__WHAT TO PRODUCE__
Note on the material below: return exactly the lines from the line that holds "Transmission the skin" through the line that holds "В квартире ост", and leave out each picture.

*** MATERIAL FOR THIS EXERCISE ***

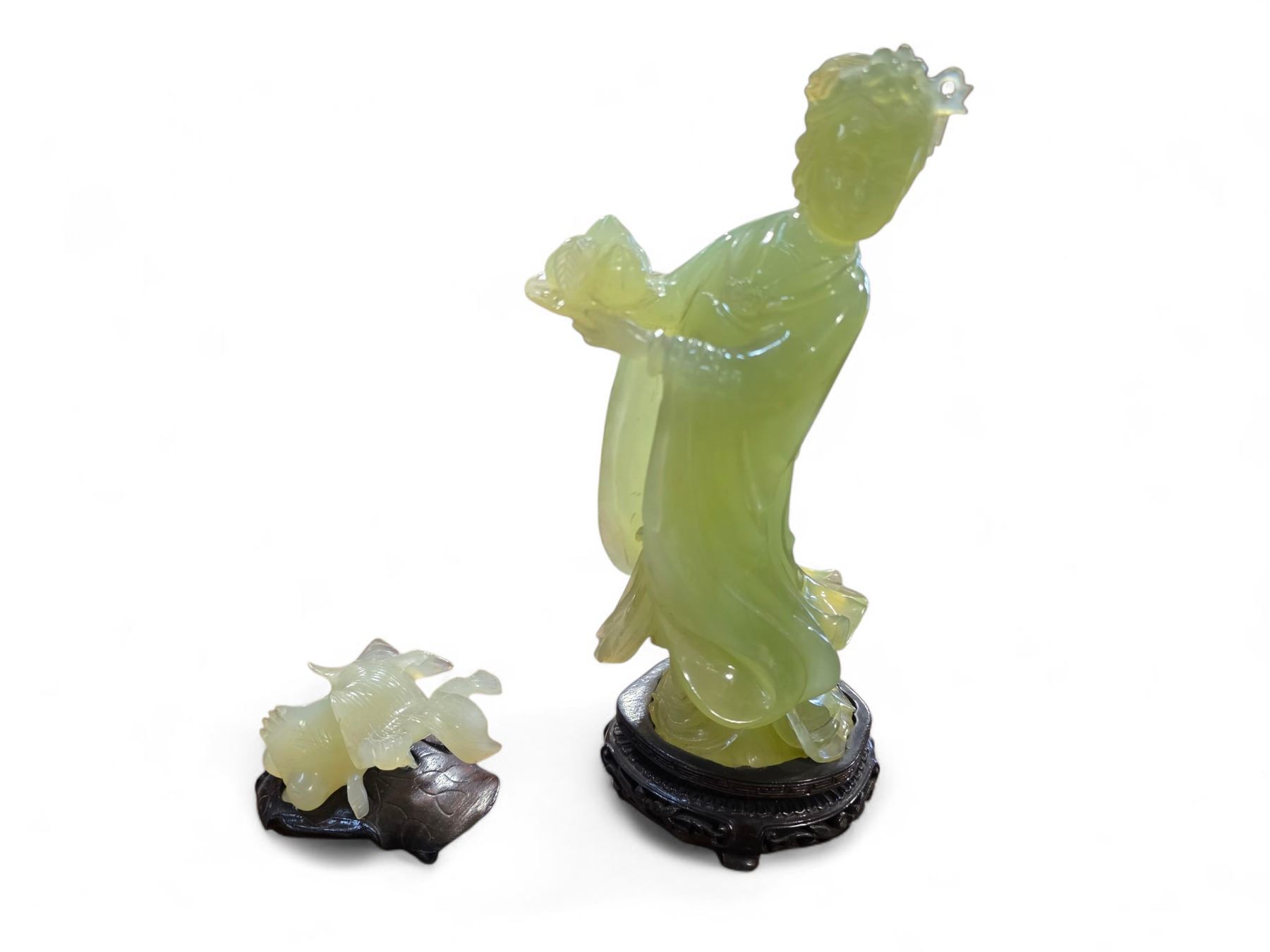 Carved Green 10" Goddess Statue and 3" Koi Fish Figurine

***
*** MATERIAL FOR THIS EXERCISE ***

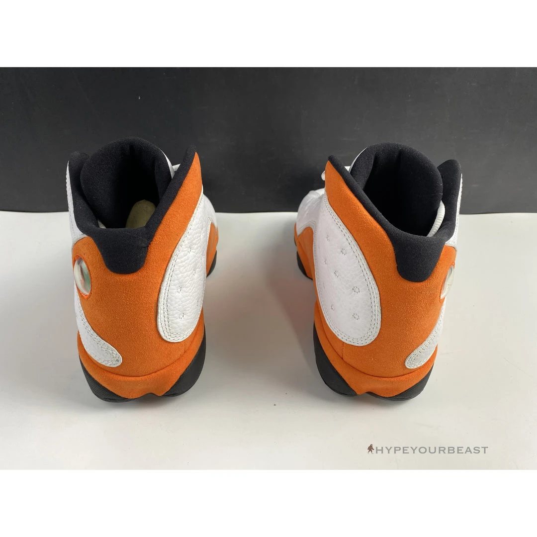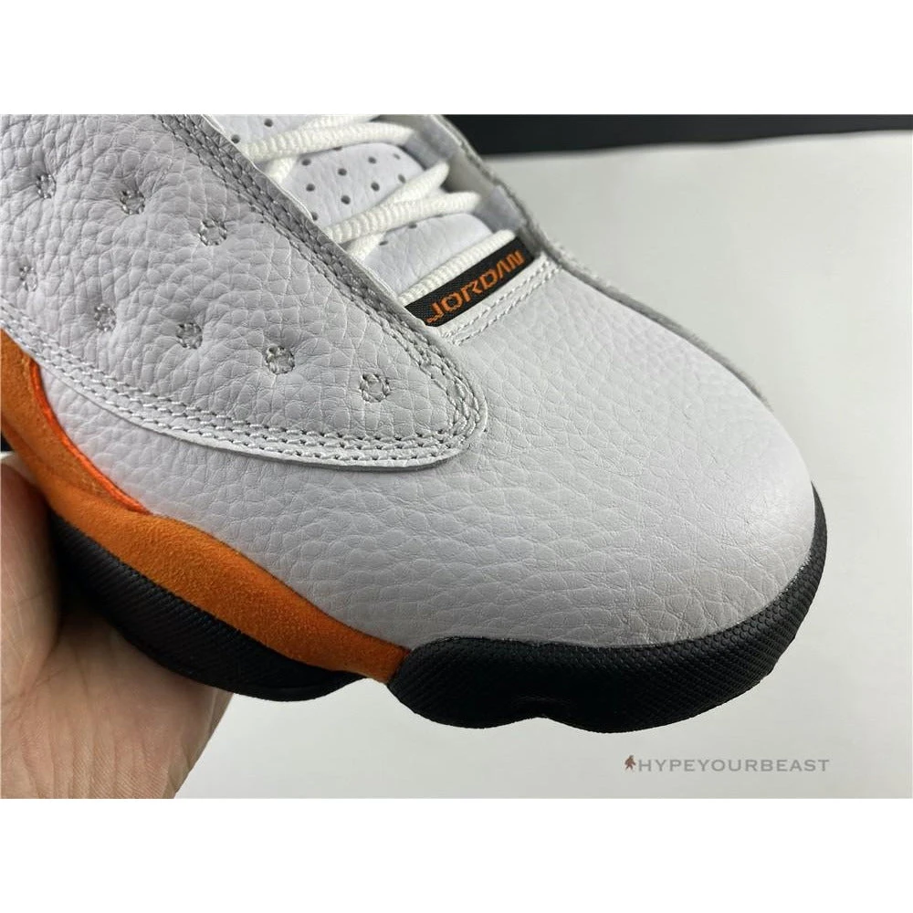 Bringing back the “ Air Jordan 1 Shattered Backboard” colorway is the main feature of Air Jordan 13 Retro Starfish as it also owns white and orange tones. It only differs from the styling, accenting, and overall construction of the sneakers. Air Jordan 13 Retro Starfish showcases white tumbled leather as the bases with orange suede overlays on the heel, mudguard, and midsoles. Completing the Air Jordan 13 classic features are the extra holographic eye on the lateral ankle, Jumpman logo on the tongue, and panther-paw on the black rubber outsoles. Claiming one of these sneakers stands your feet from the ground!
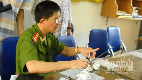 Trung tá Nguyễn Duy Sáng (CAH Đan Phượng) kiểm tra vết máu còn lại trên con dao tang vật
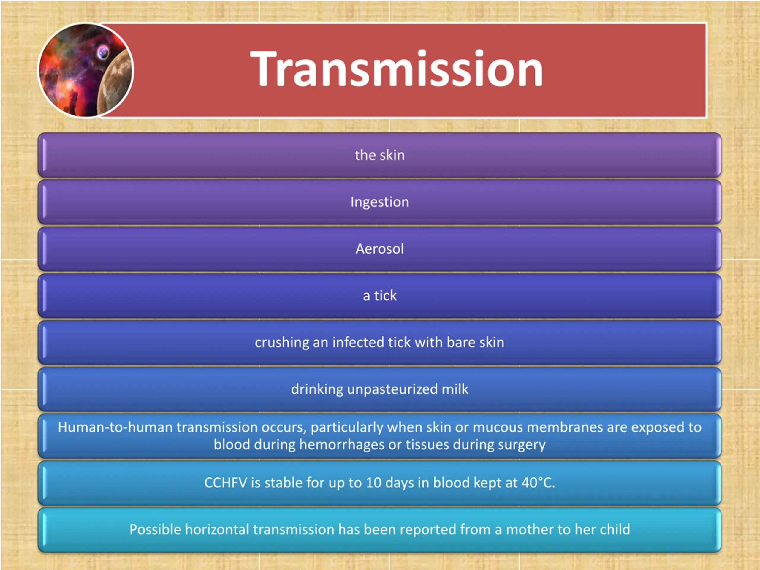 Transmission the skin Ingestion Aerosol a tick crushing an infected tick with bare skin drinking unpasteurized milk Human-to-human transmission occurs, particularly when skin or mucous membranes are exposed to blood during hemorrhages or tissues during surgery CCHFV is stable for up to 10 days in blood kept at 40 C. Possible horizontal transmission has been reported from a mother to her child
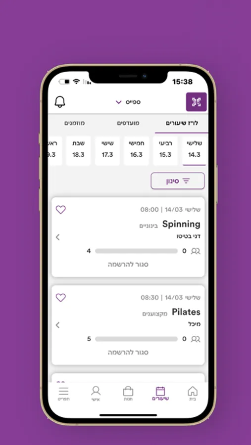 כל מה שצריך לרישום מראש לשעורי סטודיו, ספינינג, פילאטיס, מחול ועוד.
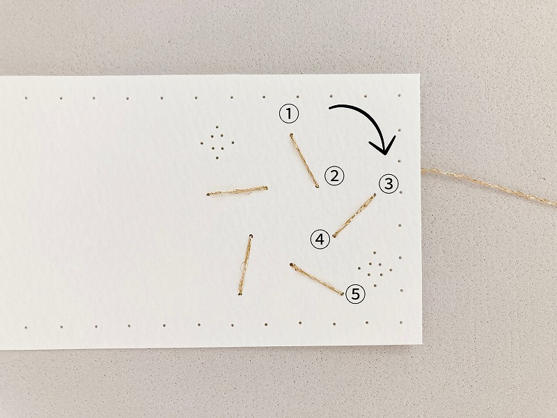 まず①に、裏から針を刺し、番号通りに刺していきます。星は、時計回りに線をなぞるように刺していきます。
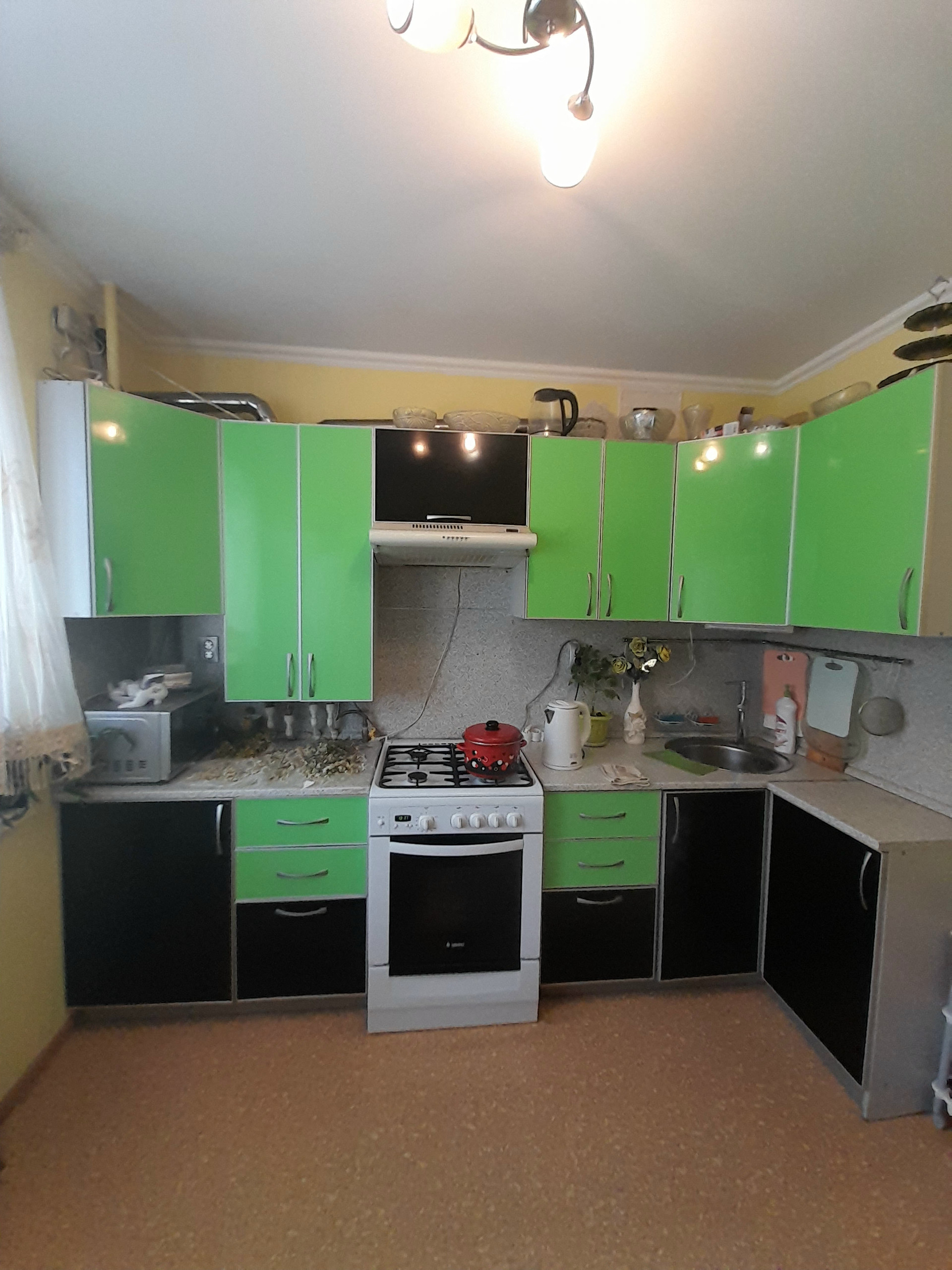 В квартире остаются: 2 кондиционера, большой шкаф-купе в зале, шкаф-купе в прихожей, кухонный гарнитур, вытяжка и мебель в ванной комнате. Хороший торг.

***

__RESULT FOR THIS TASK__
 Transmission the skin Ingestion Aerosol a tick crushing an infected tick with bare skin drinking unpasteurized milk Human-to-human transmission occurs, particularly when skin or mucous membranes are exposed to blood during hemorrhages or tissues during surgery CCHFV is stable for up to 10 days in blood kept at 40 C. Possible horizontal transmission has been reported from a mother to her child
 כל מה שצריך לרישום מראש לשעורי סטודיו, ספינינג, פילאטיס, מחול ועוד.
 まず①に、裏から針を刺し、番号通りに刺していきます。星は、時計回りに線をなぞるように刺していきます。
 В квартире остаются: 2 кондиционера, большой шкаф-купе в зале, шкаф-купе в прихожей, кухонный гарнитур, вытяжка и мебель в ванной комнате. Хороший торг.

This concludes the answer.